Teniendo en cuenta las anteriores disposiciones, se debe entender que las empresas prestadoras de servicios pueden establecer en el contrato de condiciones uniformes las condiciones en que realizará el reporte a las centrales de riesgo en caso de mora en el pago por parte de los usuarios y suscriptores.

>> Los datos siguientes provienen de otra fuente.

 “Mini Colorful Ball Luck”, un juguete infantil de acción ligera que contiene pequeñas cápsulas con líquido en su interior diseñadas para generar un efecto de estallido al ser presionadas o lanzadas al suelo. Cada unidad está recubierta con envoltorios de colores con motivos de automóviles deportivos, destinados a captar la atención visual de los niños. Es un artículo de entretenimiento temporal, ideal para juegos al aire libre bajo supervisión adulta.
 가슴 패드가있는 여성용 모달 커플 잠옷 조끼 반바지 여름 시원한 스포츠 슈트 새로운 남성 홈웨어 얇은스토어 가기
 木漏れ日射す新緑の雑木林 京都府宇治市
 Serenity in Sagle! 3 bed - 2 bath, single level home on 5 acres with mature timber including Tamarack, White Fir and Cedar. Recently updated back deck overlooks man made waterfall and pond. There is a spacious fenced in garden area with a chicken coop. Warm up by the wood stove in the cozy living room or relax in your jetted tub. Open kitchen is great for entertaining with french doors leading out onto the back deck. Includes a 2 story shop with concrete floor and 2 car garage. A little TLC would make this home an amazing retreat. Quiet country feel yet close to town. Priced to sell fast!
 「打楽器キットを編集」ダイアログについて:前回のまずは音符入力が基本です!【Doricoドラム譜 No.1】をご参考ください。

Una vez desaparezca la causal del reporte, las centrales de riesgo deben eliminar de sus bases de datos a las personas reportadas, aspecto sobre el cual esta Superintendencia carece de competencia, por las siguientes razones:

La actividad financiera está regida por las normas contenidas en el Estatuto Orgánico del Sistema Financiero. Con base en este Estatuto, la Superintendencia Financiera expidió la Circular Externa 100 de 1995, modificada por la Circular Externa 11 de 2002 en la cual se señala la obligación para las entidades bancarias de administrar el riesgo crediticio, para lo cual deben calificar su cartera de acuerdo a los parámetros y metodologías señaladas por el supervisor del mercado bancario y financiero.

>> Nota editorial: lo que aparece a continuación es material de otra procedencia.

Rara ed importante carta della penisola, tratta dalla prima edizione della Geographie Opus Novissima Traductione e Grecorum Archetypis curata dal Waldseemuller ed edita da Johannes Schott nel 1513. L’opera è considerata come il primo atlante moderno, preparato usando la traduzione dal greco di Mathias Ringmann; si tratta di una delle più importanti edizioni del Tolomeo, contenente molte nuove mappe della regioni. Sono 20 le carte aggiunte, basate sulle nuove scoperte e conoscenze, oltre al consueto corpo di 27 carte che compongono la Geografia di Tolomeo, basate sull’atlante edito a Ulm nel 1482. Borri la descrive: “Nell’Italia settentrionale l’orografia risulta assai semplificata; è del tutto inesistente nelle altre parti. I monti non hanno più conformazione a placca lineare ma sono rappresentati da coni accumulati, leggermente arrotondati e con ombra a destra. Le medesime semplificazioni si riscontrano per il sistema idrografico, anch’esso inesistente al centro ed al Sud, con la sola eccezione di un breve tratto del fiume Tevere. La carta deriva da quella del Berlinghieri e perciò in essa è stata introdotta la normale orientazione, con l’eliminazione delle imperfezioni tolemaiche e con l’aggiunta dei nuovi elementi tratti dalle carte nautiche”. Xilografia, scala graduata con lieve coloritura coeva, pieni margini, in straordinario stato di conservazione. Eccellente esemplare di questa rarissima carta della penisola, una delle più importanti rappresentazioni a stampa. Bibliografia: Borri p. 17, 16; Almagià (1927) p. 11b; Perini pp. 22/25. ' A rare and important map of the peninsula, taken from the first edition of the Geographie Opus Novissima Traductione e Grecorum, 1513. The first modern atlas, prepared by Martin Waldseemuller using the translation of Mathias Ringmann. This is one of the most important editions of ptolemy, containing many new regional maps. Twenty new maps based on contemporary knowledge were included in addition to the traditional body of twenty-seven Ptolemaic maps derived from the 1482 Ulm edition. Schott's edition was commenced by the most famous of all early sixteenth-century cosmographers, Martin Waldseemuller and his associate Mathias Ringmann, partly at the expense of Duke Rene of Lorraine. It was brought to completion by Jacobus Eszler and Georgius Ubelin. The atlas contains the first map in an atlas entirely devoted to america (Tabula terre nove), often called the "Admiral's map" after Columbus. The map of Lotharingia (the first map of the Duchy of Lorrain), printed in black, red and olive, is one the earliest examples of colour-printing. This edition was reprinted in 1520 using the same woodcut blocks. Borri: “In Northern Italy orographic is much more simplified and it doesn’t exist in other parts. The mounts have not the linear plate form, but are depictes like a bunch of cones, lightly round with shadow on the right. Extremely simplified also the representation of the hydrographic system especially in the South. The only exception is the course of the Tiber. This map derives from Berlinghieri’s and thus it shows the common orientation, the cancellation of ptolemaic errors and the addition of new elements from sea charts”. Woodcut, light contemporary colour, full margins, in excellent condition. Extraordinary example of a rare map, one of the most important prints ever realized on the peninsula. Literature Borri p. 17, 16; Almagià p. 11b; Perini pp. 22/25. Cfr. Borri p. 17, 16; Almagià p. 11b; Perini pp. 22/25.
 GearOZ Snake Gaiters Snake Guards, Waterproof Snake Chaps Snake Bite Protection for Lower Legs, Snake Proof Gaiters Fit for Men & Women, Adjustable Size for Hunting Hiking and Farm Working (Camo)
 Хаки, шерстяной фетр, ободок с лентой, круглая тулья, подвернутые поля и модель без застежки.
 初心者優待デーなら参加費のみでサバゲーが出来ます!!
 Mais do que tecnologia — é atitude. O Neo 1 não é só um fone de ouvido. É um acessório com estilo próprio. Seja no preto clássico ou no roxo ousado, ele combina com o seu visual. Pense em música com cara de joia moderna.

Para los efectos señalados, una de las fuentes de actualización de la información de sus clientes son las denominadas centrales de información crediticia o centrales de riesgo que le imponen a la entidad financiera la obligación de velar porque la información sea veraz, completa y actualizada, y garantizar que se protejan los derechos constitucionales consagrados a favor de los titulares de tal información.

Para el cumplimiento de las instrucciones contenidas en las citadas circulares el sector financiero, a través de la Asociación Bancaria de Colombia, ha constituido una central de información a efectos de consolidar una base de datos con información que sirva a las instituciones financieras para la evaluación de riesgos en los negocios financieros y operaciones activas de crédito que celebren con sus clientes.

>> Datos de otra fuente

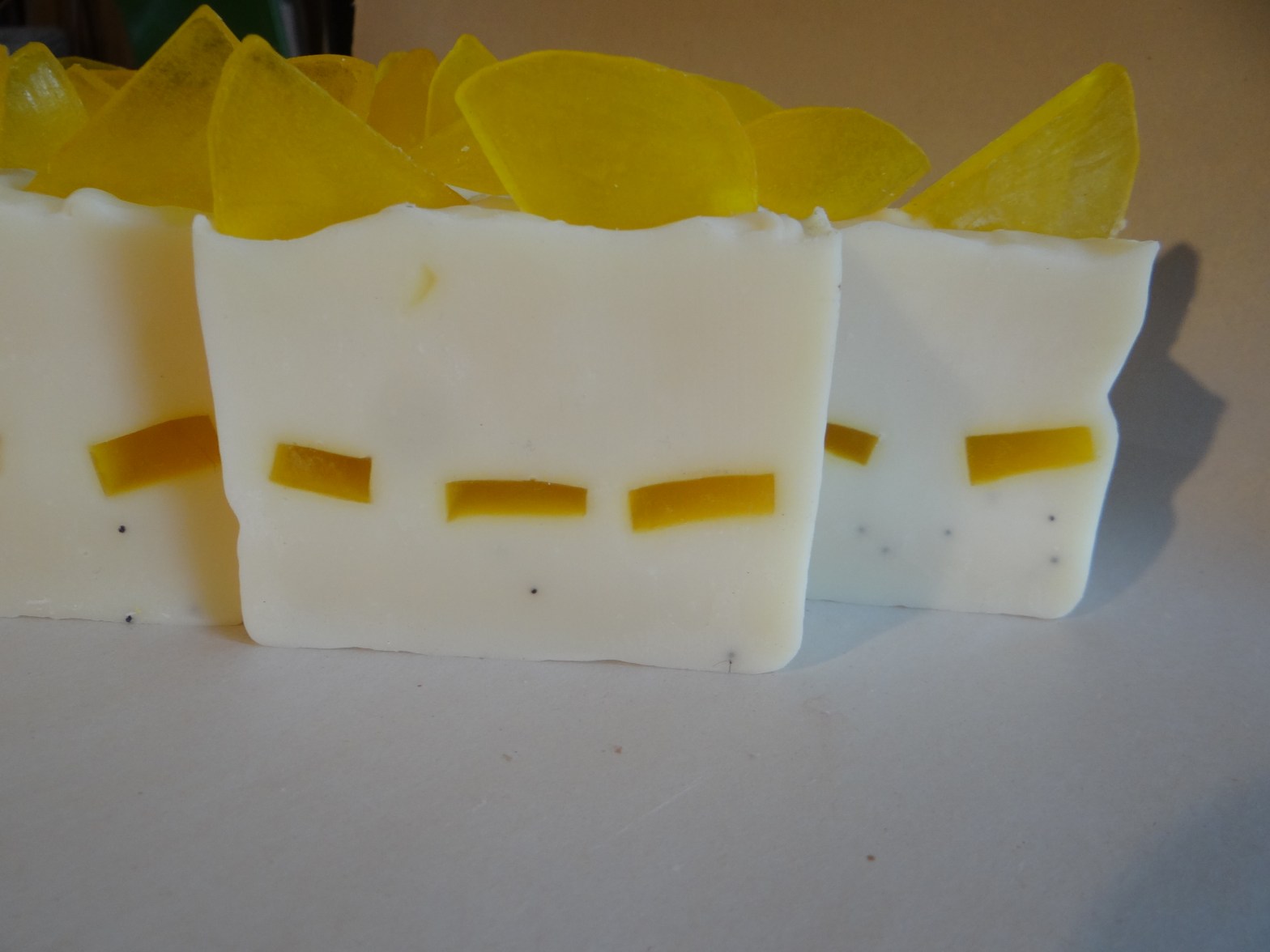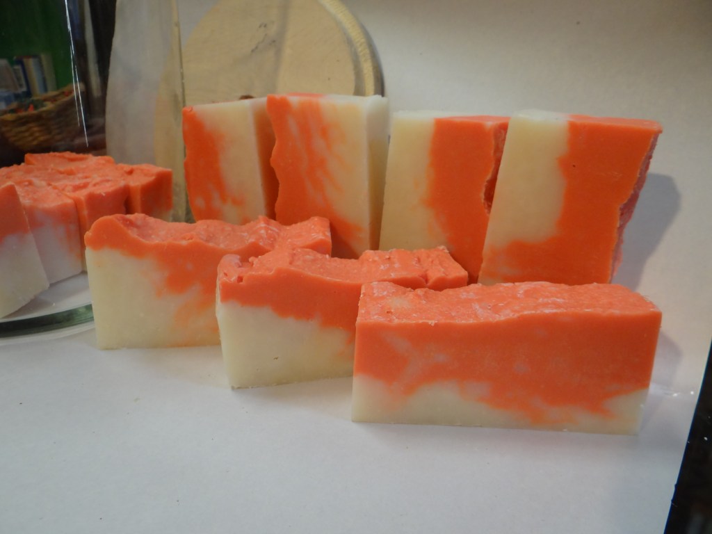 Apricot oil is the secret to this soap’s success. It’s a great soap to use for your face and hair, the apricot oil firms and tones the skin, fades wrinkles, reduced dark circles under eyes, and stimulates hair growth. If you have acne prone skin, this soap may not be for you because it may tend to clog your pores, but on the other hand if you have ezcema or psoriasis, the apricot oil in this soap will help fight inflammatory skin and reduce redness. Freshen your day with this soap’s bright color and mildly sweet scent.

Dado que estas centrales de información tienen el carácter de personas jurídicas privadas y su objeto es conformar bases de datos, la inclusión en sus sistemas de datos diferentes a los simplemente bancarios no se encuentra restringida por la ley, mientras como se señaló, no afecte los derechos fundamentales, ya que la información que acumulan estas centrales tiene como objetivo brindar información veraz acerca del comportamiento de pago de las personas naturales y jurídicas que se encuentran incluidas en las bases de datos respectivas.

Finalmente, le informamos que esta Superintendencia ha puesto a disposición de la ciudadanía un sitio de consulta al que usted puede acceder en la siguiente dirección: http://www.superservicios.gov.co/. Ahí encontrará normatividad, jurisprudencia y doctrina sobre los servicios públicos domiciliarios, en particular los conceptos emitidos por esta Entidad.

Cordialmente,

MARINA MONTES ALVAREZ

Jefe Oficina Asesora Jurídica

1 Reparto 266 - Radicado 20095290039262.

Preparado por: MARIA DEL CARMEN SANTANA SUÁREZ, Asesora Oficina Jurídica

Revisado por: ANDRÉS DAVID OSPINA RIAÑO, Asesor Oficina Asesora Jurídica

Tema: SILENCIO ADMINISTRATIVO POSITIVO. Posibilidades del usuario ante la no ejecutoriedad del acto ficto o presunto por parte de la ESP.

REPORTE A CENTRALES DE RIESGO. Se autoriza por el usuario al firmar el CCU.